How to complete this task = Set the listing down unchanged, minus every embedded image.

┌──

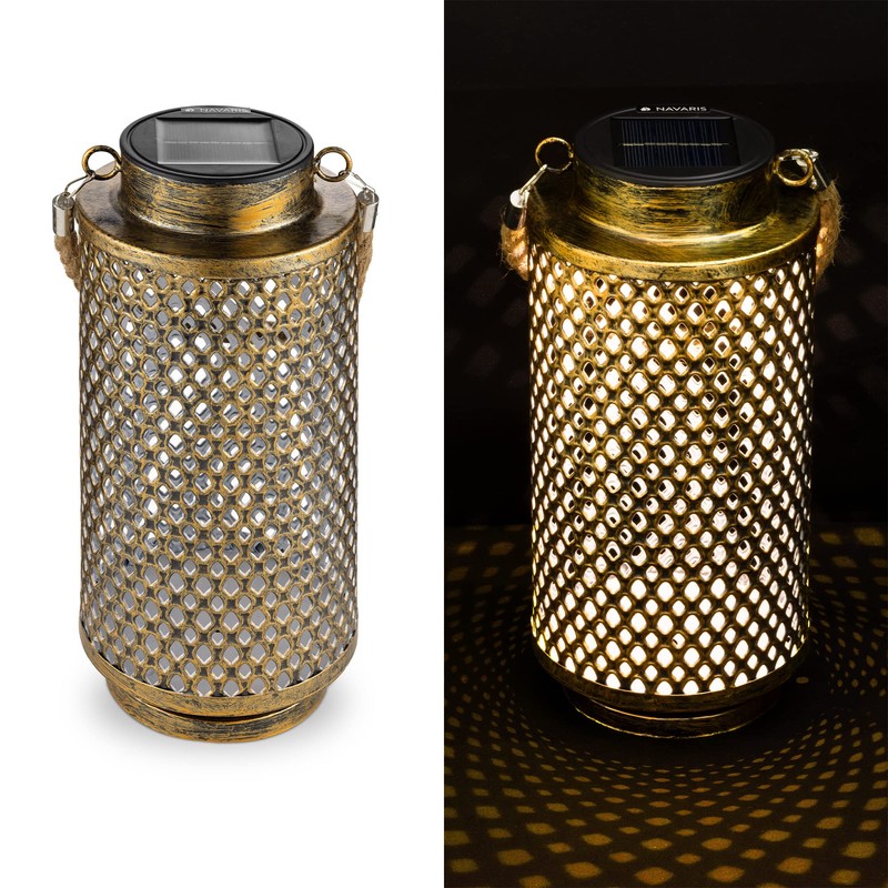 Navaris LED Solar Lantern Cylindrical for Outdoor Use with Carry Handle Cool Shade Effect Oriental Garden Solar Lantern Garden Decoration Lamp Gold
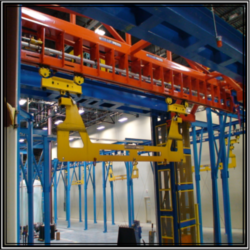 IntelliTrak installed 2600 ft. of 3500 Series Conveyor with 40 carriers (10,000 lb. capacity) and two vertical lifts integrated into the existing finishing equipment.
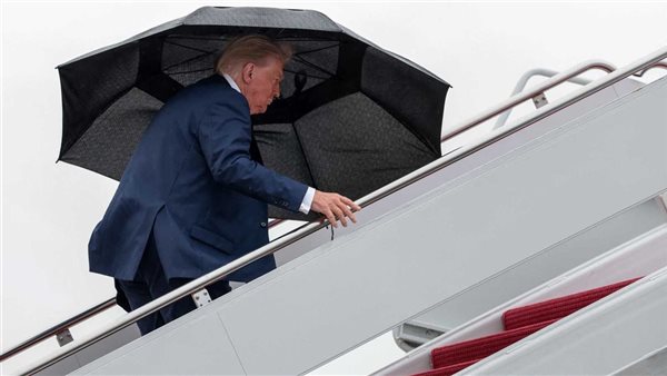 لفت الرئيس الأمريكي دونالد ترامب، الأحد، الأنظار إليه خلال صعوده إلى طائرته الرئاسية بشكل غير اعتيادي وسط إجراءات أمنية مشددة.
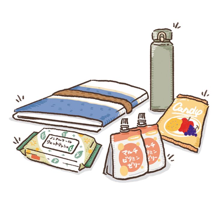 「衛生を保つためノンアルコールのウェットティッシュ、横になりたくなると思うのでレジャーシート、ゼリー飲料、飴玉、水筒はマストで準備。加えて、持てるなら充電器や簡易トイレもあれば」
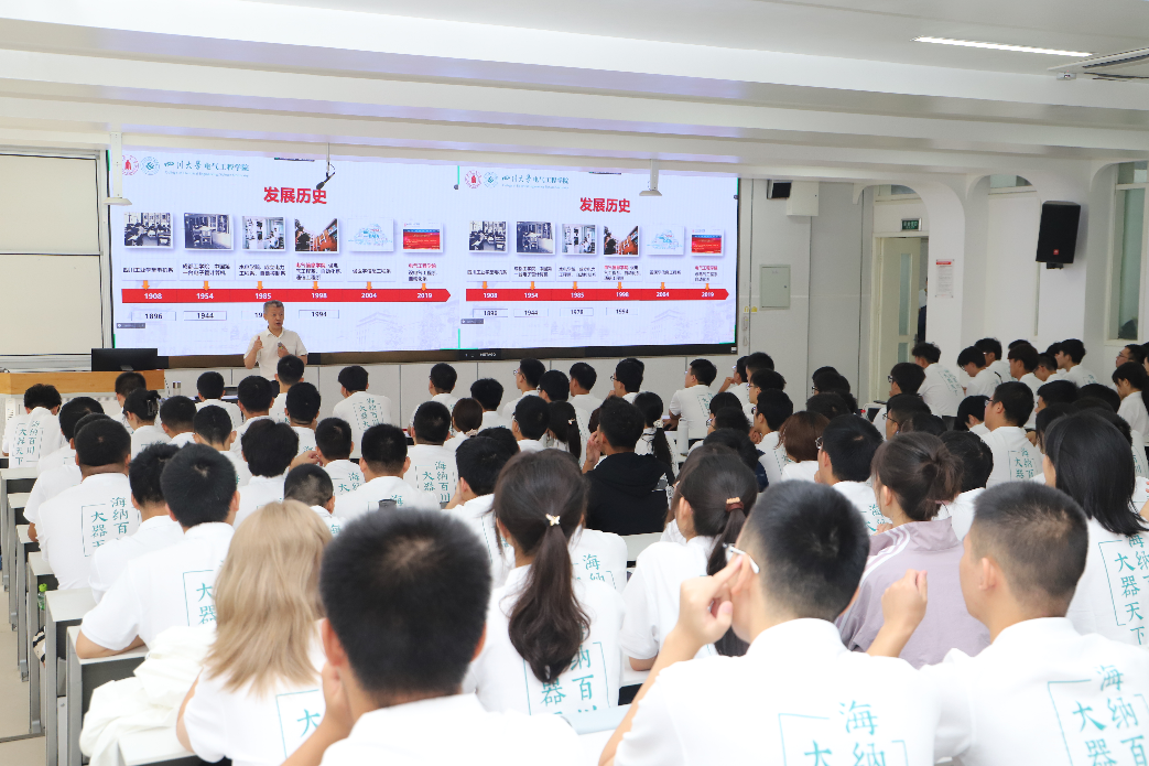 和川大电气的发展历史,讲述了优秀川大人代表的感人故事。他希望同学们作为新时代川大人,都能秉承川大精神,放大精彩人生,尽快完成从中学生向大学生的转变,都能努力实现从优秀向卓越的迈进。赵书记以视野眼界、深度思考、合作共享、刻苦认真四个关键词寄语新生,他说,未来三十年,是同学们人生奋斗的黄金时期;到本世纪中叶,同学们将成为各行各业的中流砥柱,希望大家在大学期间都能德智体美劳全面发展,努力成为担当民族复兴大任的时代新人。
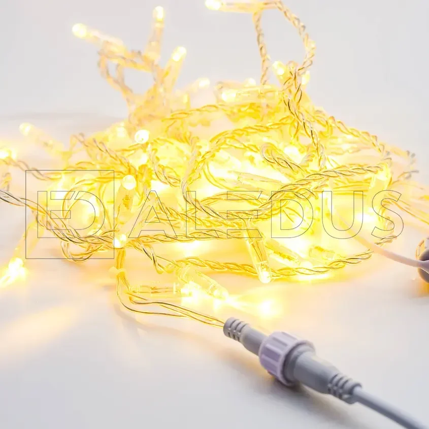 Гирлянда (Нить) ALEDUS 10 м, прозрачный провод, ПВХ, теплый белый, без мерцания
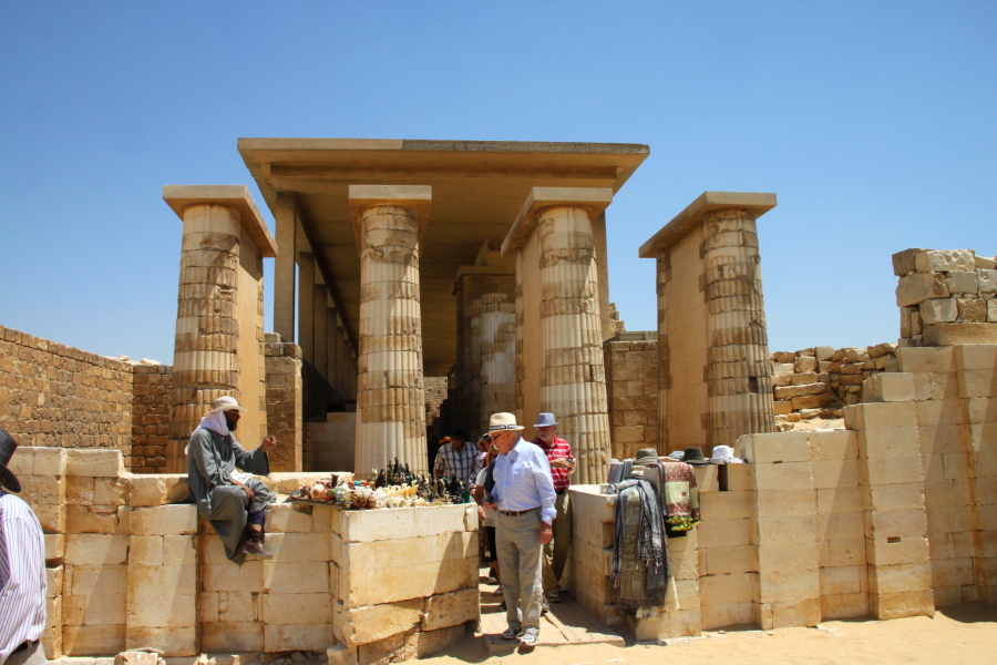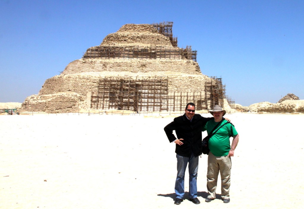Me with our guide (and fantastic tour organizer) Ahmed Hamed Yousif in front of the Step Pyramid. Notice that Egyptians don’t seem to feel the heat like Canadians – he’s wearing a black courdroy blazer and blue jeans and looks cool, I’m wearing thin clothes and still sweating like crazy…

└──

Problem solution =
 Navaris LED Solar Lantern Cylindrical for Outdoor Use with Carry Handle Cool Shade Effect Oriental Garden Solar Lantern Garden Decoration Lamp Gold
 IntelliTrak installed 2600 ft. of 3500 Series Conveyor with 40 carriers (10,000 lb. capacity) and two vertical lifts integrated into the existing finishing equipment.
 لفت الرئيس الأمريكي دونالد ترامب، الأحد، الأنظار إليه خلال صعوده إلى طائرته الرئاسية بشكل غير اعتيادي وسط إجراءات أمنية مشددة.
 「衛生を保つためノンアルコールのウェットティッシュ、横になりたくなると思うのでレジャーシート、ゼリー飲料、飴玉、水筒はマストで準備。加えて、持てるなら充電器や簡易トイレもあれば」
 和川大电气的发展历史,讲述了优秀川大人代表的感人故事。他希望同学们作为新时代川大人,都能秉承川大精神,放大精彩人生,尽快完成从中学生向大学生的转变,都能努力实现从优秀向卓越的迈进。赵书记以视野眼界、深度思考、合作共享、刻苦认真四个关键词寄语新生,他说,未来三十年,是同学们人生奋斗的黄金时期;到本世纪中叶,同学们将成为各行各业的中流砥柱,希望大家在大学期间都能德智体美劳全面发展,努力成为担当民族复兴大任的时代新人。
 Гирлянда (Нить) ALEDUS 10 м, прозрачный провод, ПВХ, теплый белый, без мерцания
Me with our guide (and fantastic tour organizer) Ahmed Hamed Yousif in front of the Step Pyramid. Notice that Egyptians don’t seem to feel the heat like Canadians – he’s wearing a black courdroy blazer and blue jeans and looks cool, I’m wearing thin clothes and still sweating like crazy…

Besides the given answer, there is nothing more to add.